▶ PROBLEM TO WORK ON: Among the entries below, retype exactly the lines starting with the one with "Pre-Owned Love Moschino" and going on through the one with "부드럽고 가벼운 PET", but not the pictures.

▶ INPUT DATA:

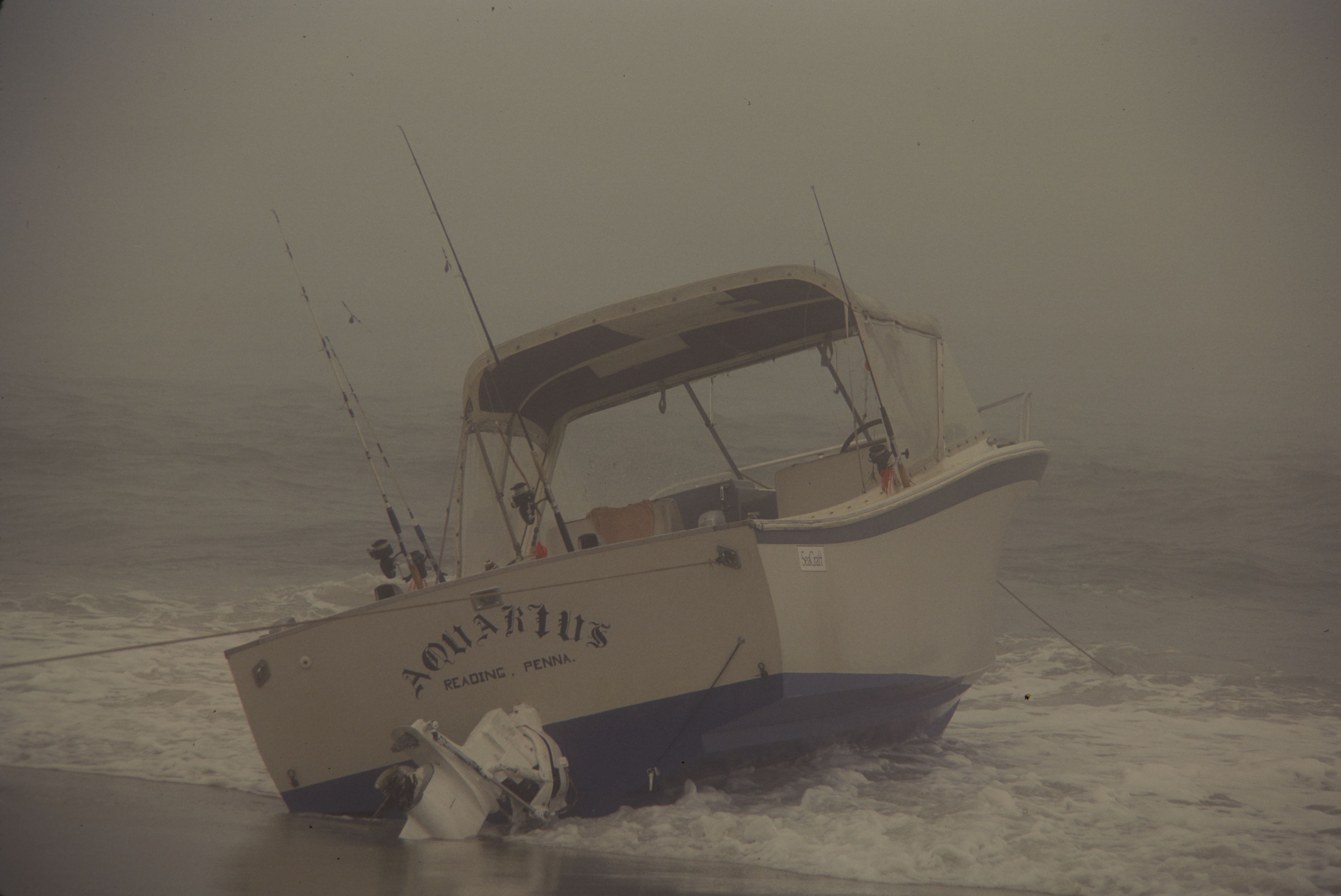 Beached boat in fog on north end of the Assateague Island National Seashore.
--
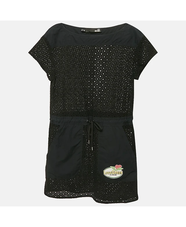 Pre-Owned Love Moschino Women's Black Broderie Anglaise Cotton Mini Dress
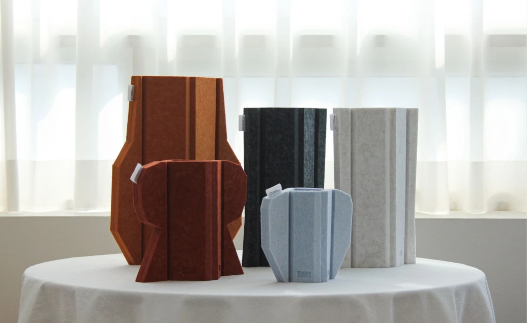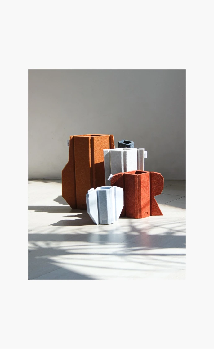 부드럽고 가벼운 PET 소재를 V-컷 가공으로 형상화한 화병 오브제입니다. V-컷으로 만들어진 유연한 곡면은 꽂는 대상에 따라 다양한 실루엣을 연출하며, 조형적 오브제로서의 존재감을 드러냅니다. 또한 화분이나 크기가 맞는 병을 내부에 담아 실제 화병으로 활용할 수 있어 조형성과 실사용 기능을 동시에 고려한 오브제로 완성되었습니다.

▶ ANSWER TO THIS EXERCISE:
 Pre-Owned Love Moschino Women's Black Broderie Anglaise Cotton Mini Dress
 부드럽고 가벼운 PET 소재를 V-컷 가공으로 형상화한 화병 오브제입니다. V-컷으로 만들어진 유연한 곡면은 꽂는 대상에 따라 다양한 실루엣을 연출하며, 조형적 오브제로서의 존재감을 드러냅니다. 또한 화분이나 크기가 맞는 병을 내부에 담아 실제 화병으로 활용할 수 있어 조형성과 실사용 기능을 동시에 고려한 오브제로 완성되었습니다.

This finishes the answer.